Studio album by Mark Murphy
- Released: 2001
- Recorded: 2000
- Studio: M & I Studios, New York City
- Genre: Vocal jazz
- Label: HighNote Records
- Producer: Don Sickler

Mark Murphy chronology
| The Latin Porter (2000) | Links (2001) | Lucky to Be Me (2002) |

= Links (Mark Murphy album) =

2000 studio album by Mark Murphy

Links is a studio album by Mark Murphy.

Links is the 39th album by American jazz vocalist Mark Murphy. It was recorded in 2000 when Murphy was 68 years old and released by the HighNote label in the United States in 2001. It is his second release on HighNote. This album is a collection of standards and original songs.

== Background ==
Links was recorded at the end of 2000, the same year Murphy recorded and released The Latin Porter, with most of the same personnel from his prior release on HighNote records, Some Time Ago.
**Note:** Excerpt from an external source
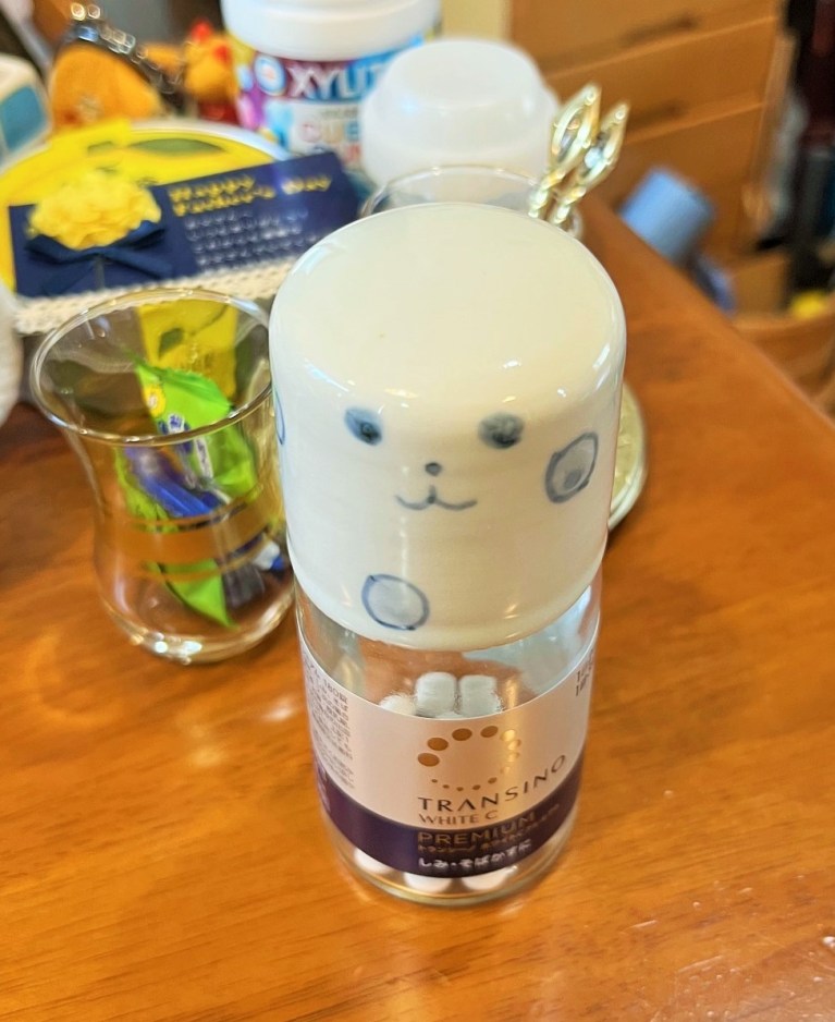 Mei-Shun’s irritation mark on right arm has almost disappeared, thanks to excellent medication. She is usually cared by pills to alleviate melasma, who requires 2-month taking before respite for the same period. Since above trouble occurred during the latter, she adopted similar one whose ingredients work to lessen pigmentation. A paperweight from 砥部 fits its bottle cap.

Don Sickler, who worked with Murphy on Some Time Ago, returned as producer for Murphy's second project with HighNote. Lee Musiker also returned as arranger and pianist, as did bassists Steve LaSpina and Sean Smith, drummer Winard Harper, saxophonist Allen Mezquida, and trumpeter Dave Ballou.

== Recording ==
Murphy contributes an original composition, "Breathing", and the lyrics to three additional songs, one by bassist Sean Smith ("Taming of a Rose") and two by Alan Broadbent ("Don't Ask Why" and "Ode to the Road"). Murphy is joined by Paulo Braga on drums, Sérgio Brandão on bass, and Cidinho Teixeira on piano for his composition "Breathing". Memo Acevedo is featured on percussion. Tim Horner is the drummer on four tracks.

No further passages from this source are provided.